Mitch Stephenson grew up in the Nebraska Sandhills and central Wyoming. He received a B.S. degree in Animal Science from BYU-Idaho and a M.S. degree from the University of Nebraska-Lincoln in Range Science where he evaluated the effect of rotational grazing methods and time of grazing on livestock performance and vegetation characteristics in the eastern Nebraska Sandhills.
Following his time at UNL, Mitch worked as a rangeland ecologist in Wyoming and Nevada where he assisted livestock producers in developing sustainable grazing management plans and range vegetation monitoring reports. He completed his Ph.D. in Range Science in December 2014 from New Mexico State University where his research focused on targeting cattle grazing with low-stress herding and low-moisture block protein supplement and evaluating factors that affect cattle grazing distribution behavior, grazing site selection, and social association patterns..

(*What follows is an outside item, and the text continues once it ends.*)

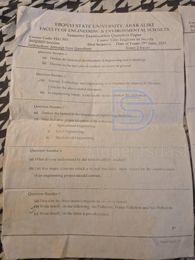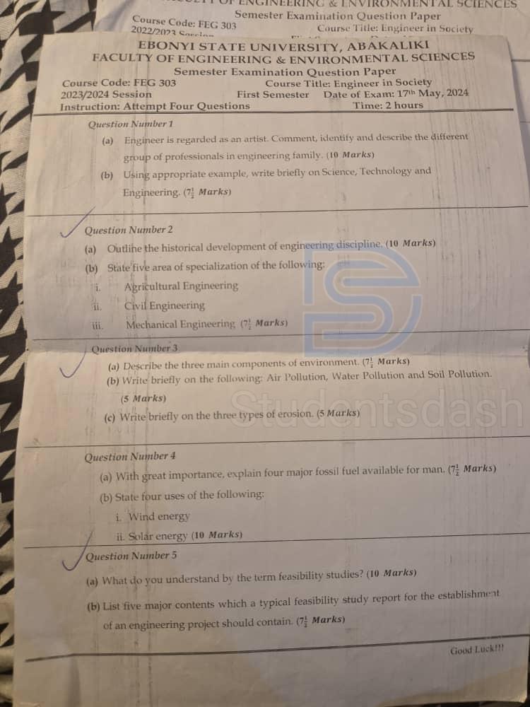 (b) List five major contents which a typical feasibility study report for the establishment of an engineering project should contain.

Following his Ph.D., Mitch worked with the University of Nevada -Reno as a Post-doctoral researcher evaluating the use of livestock grazing as a tool to reduce invasive annual grass biomass on a landscape scale. Mitch is currently a Range and Forage Extension Specialist with the University of Nebraska-Lincoln based out of the Panhandle Research and Extension Center in Scottsbluff, NE.
Erin Laborie is a beef systems focused Extension Educator for southwest Nebraska. Erin majored in Animal Science and received her Bachelor’s degree in nutrition from The Ohio State University. She attended South Dakota State University for her Master’s degree in Animal Science with an emphasis on growing and finishing cattle nutrition.
Erin currently lives in Beaver City with her husband, John Robert, and twin daughters, Evalynn and Alexandra.
Jack Arterburn is the Beef Systems Extension Educator for northwest Nebraska. He grew up in Sidney, Nebraska, spending a large portion of his childhood in the outdoors hunting, camping, and fishing.
Jack attended the University of Nebraska-Lincoln where he was involved in the Wildlife Club and Range Management Club. During his senior year, Jack was awarded a UCARE grant to conduct a pilot study on the impact of wildfire and grazing on Sandhills grassland.
Upon earned a bachelor’s degree in Fisheries and Wildlife focused on habitat management and minors in Grassland Ecology and Management and Grazing Livestock Systems, Jack was offered a Graduate Assistantship to lead a more rigorous field study to assess resilience and heterogeneity following fire in the Sandhills. He completed his master’s degree in August 2016 and accepted the Extension Educator position serving Box Butte, Dawes, Sheridan, and Sioux Counties.
He currently lives in Chadron with his wife, Emily, and son, Cogan.
Beef Systems focused educator with an emphasis on cow-calf management within beef production systems. My most significant accomplishments have been establishing the Nebraska Ranch Practicum, a comprehensive ranch management program graduating over 600 participants and teaching science to youth through the Husker Beef Lab I have also served on several state and regional committees.
Leah Peterson is a fifth generation Nebraska rancher, and is a member of Cooksley’s Clear Creek Farms, a diversified operation in Northeast Custer County.
Leah is a graduate of the University of Nebraska-Lincoln and Bellevue University where she received degrees in Communications and Advanced Leadership Studies. Since that time, she has worked primarily in higher education, and for the USDA in Custer County. She is a passionate advocate for Nebraska Agriculture and dedicated to advancing efforts to ever improve conservation practices, land stewardship, and care for Nebraska’s farming and ranching communities
Twila is the Executive Secretary of the Sandhills Resource Conservation and Development office in Mullen, and also serves as the Grants Financial Manager for the Nebraska Grazing Lands Coalition. She has done the bookkeeping and financial management for the NGLC since the spring of 2008.
Twila and her husband own and operate the ranch that was purchased by his grandfather in the 1930s in north central Nebraska. She is also involved with the Nebraska LEAD Alumni Association, Nebraska Cattlewomen, Nebraska Wine & Grape Growers Association and the Sandhills Cattle Association.
Twila and her husband have six children — two are married, one is in graduate school at the University of Nebraska-Lincoln, one is in college at Hastings College and two are still at home.
Twila says, "NGLC is important because the organization strives to promote a greater understanding of the value of grasslands through tried and proven grazing practices as well as innovative strategies that promote healthy grasslands."